──────── Data to examine

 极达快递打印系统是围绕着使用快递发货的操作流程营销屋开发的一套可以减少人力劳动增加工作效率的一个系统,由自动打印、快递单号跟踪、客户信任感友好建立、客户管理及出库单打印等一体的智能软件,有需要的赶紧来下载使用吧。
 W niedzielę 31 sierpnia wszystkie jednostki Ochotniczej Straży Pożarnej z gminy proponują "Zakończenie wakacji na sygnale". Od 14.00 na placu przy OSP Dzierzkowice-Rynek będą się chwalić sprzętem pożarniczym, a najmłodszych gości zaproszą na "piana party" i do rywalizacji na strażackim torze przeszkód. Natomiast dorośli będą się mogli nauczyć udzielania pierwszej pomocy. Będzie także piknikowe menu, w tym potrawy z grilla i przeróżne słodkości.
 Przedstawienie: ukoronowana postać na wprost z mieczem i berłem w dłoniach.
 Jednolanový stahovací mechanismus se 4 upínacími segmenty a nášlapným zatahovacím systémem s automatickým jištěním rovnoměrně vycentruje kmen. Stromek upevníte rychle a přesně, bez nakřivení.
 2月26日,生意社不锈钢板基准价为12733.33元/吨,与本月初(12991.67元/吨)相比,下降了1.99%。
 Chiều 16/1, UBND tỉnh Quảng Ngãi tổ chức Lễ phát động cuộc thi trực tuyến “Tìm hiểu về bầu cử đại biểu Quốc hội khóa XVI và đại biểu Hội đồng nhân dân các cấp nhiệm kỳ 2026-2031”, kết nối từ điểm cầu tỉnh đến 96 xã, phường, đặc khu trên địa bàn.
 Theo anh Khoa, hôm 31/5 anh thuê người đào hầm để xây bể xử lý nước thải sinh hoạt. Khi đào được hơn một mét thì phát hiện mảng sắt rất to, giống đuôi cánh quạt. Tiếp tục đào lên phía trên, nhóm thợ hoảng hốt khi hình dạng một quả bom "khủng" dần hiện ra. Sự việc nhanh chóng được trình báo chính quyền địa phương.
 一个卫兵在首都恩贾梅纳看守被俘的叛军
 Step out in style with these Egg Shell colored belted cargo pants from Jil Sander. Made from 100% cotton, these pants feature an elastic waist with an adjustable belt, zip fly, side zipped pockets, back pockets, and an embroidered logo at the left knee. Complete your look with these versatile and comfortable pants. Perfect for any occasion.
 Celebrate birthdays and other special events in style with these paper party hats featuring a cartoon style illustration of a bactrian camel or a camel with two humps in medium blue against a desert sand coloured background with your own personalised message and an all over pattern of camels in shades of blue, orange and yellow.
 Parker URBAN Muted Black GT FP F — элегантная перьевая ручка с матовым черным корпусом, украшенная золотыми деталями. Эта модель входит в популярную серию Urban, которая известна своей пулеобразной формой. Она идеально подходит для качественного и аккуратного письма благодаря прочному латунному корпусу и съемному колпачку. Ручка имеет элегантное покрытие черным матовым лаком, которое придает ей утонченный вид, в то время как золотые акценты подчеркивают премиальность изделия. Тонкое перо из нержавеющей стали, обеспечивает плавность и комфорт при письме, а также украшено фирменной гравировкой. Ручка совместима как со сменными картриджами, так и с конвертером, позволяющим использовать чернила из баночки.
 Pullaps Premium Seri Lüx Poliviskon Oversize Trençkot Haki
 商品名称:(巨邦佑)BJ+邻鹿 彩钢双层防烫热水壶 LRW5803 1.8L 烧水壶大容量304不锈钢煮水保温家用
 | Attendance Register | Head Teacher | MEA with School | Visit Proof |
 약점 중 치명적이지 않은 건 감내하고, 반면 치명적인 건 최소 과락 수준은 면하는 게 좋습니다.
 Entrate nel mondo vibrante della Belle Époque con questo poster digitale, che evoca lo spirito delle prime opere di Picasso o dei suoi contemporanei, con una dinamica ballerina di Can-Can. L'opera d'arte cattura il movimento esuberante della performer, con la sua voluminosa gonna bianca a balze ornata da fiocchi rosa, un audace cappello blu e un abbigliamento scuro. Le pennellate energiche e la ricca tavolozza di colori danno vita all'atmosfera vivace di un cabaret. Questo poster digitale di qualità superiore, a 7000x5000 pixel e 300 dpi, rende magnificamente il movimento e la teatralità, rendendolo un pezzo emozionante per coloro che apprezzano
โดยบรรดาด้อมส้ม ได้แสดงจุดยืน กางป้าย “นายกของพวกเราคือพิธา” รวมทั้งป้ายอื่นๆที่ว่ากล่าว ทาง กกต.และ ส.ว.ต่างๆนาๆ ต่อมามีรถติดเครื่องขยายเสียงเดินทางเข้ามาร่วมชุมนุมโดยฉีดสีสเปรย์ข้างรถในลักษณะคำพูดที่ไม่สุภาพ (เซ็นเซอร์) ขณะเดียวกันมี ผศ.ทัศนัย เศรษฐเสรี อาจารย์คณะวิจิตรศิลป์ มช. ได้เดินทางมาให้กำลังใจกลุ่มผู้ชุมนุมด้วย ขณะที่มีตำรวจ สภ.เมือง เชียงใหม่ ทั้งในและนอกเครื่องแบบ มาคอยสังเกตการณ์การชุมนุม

────────────────

Aim of the task
From top to bottom, repeat the data above without alteration.

Output for this task
 极达快递打印系统是围绕着使用快递发货的操作流程营销屋开发的一套可以减少人力劳动增加工作效率的一个系统,由自动打印、快递单号跟踪、客户信任感友好建立、客户管理及出库单打印等一体的智能软件,有需要的赶紧来下载使用吧。
 W niedzielę 31 sierpnia wszystkie jednostki Ochotniczej Straży Pożarnej z gminy proponują "Zakończenie wakacji na sygnale". Od 14.00 na placu przy OSP Dzierzkowice-Rynek będą się chwalić sprzętem pożarniczym, a najmłodszych gości zaproszą na "piana party" i do rywalizacji na strażackim torze przeszkód. Natomiast dorośli będą się mogli nauczyć udzielania pierwszej pomocy. Będzie także piknikowe menu, w tym potrawy z grilla i przeróżne słodkości.
 Przedstawienie: ukoronowana postać na wprost z mieczem i berłem w dłoniach.
 Jednolanový stahovací mechanismus se 4 upínacími segmenty a nášlapným zatahovacím systémem s automatickým jištěním rovnoměrně vycentruje kmen. Stromek upevníte rychle a přesně, bez nakřivení.
 2月26日,生意社不锈钢板基准价为12733.33元/吨,与本月初(12991.67元/吨)相比,下降了1.99%。
 Chiều 16/1, UBND tỉnh Quảng Ngãi tổ chức Lễ phát động cuộc thi trực tuyến “Tìm hiểu về bầu cử đại biểu Quốc hội khóa XVI và đại biểu Hội đồng nhân dân các cấp nhiệm kỳ 2026-2031”, kết nối từ điểm cầu tỉnh đến 96 xã, phường, đặc khu trên địa bàn.
 Theo anh Khoa, hôm 31/5 anh thuê người đào hầm để xây bể xử lý nước thải sinh hoạt. Khi đào được hơn một mét thì phát hiện mảng sắt rất to, giống đuôi cánh quạt. Tiếp tục đào lên phía trên, nhóm thợ hoảng hốt khi hình dạng một quả bom "khủng" dần hiện ra. Sự việc nhanh chóng được trình báo chính quyền địa phương.
 一个卫兵在首都恩贾梅纳看守被俘的叛军
 Step out in style with these Egg Shell colored belted cargo pants from Jil Sander. Made from 100% cotton, these pants feature an elastic waist with an adjustable belt, zip fly, side zipped pockets, back pockets, and an embroidered logo at the left knee. Complete your look with these versatile and comfortable pants. Perfect for any occasion.
 Celebrate birthdays and other special events in style with these paper party hats featuring a cartoon style illustration of a bactrian camel or a camel with two humps in medium blue against a desert sand coloured background with your own personalised message and an all over pattern of camels in shades of blue, orange and yellow.
 Parker URBAN Muted Black GT FP F — элегантная перьевая ручка с матовым черным корпусом, украшенная золотыми деталями. Эта модель входит в популярную серию Urban, которая известна своей пулеобразной формой. Она идеально подходит для качественного и аккуратного письма благодаря прочному латунному корпусу и съемному колпачку. Ручка имеет элегантное покрытие черным матовым лаком, которое придает ей утонченный вид, в то время как золотые акценты подчеркивают премиальность изделия. Тонкое перо из нержавеющей стали, обеспечивает плавность и комфорт при письме, а также украшено фирменной гравировкой. Ручка совместима как со сменными картриджами, так и с конвертером, позволяющим использовать чернила из баночки.
 Pullaps Premium Seri Lüx Poliviskon Oversize Trençkot Haki
 商品名称:(巨邦佑)BJ+邻鹿 彩钢双层防烫热水壶 LRW5803 1.8L 烧水壶大容量304不锈钢煮水保温家用
 | Attendance Register | Head Teacher | MEA with School | Visit Proof |
 약점 중 치명적이지 않은 건 감내하고, 반면 치명적인 건 최소 과락 수준은 면하는 게 좋습니다.
 Entrate nel mondo vibrante della Belle Époque con questo poster digitale, che evoca lo spirito delle prime opere di Picasso o dei suoi contemporanei, con una dinamica ballerina di Can-Can. L'opera d'arte cattura il movimento esuberante della performer, con la sua voluminosa gonna bianca a balze ornata da fiocchi rosa, un audace cappello blu e un abbigliamento scuro. Le pennellate energiche e la ricca tavolozza di colori danno vita all'atmosfera vivace di un cabaret. Questo poster digitale di qualità superiore, a 7000x5000 pixel e 300 dpi, rende magnificamente il movimento e la teatralità, rendendolo un pezzo emozionante per coloro che apprezzano
โดยบรรดาด้อมส้ม ได้แสดงจุดยืน กางป้าย “นายกของพวกเราคือพิธา” รวมทั้งป้ายอื่นๆที่ว่ากล่าว ทาง กกต.และ ส.ว.ต่างๆนาๆ ต่อมามีรถติดเครื่องขยายเสียงเดินทางเข้ามาร่วมชุมนุมโดยฉีดสีสเปรย์ข้างรถในลักษณะคำพูดที่ไม่สุภาพ (เซ็นเซอร์) ขณะเดียวกันมี ผศ.ทัศนัย เศรษฐเสรี อาจารย์คณะวิจิตรศิลป์ มช. ได้เดินทางมาให้กำลังใจกลุ่มผู้ชุมนุมด้วย ขณะที่มีตำรวจ สภ.เมือง เชียงใหม่ ทั้งในและนอกเครื่องแบบ มาคอยสังเกตการณ์การชุมนุม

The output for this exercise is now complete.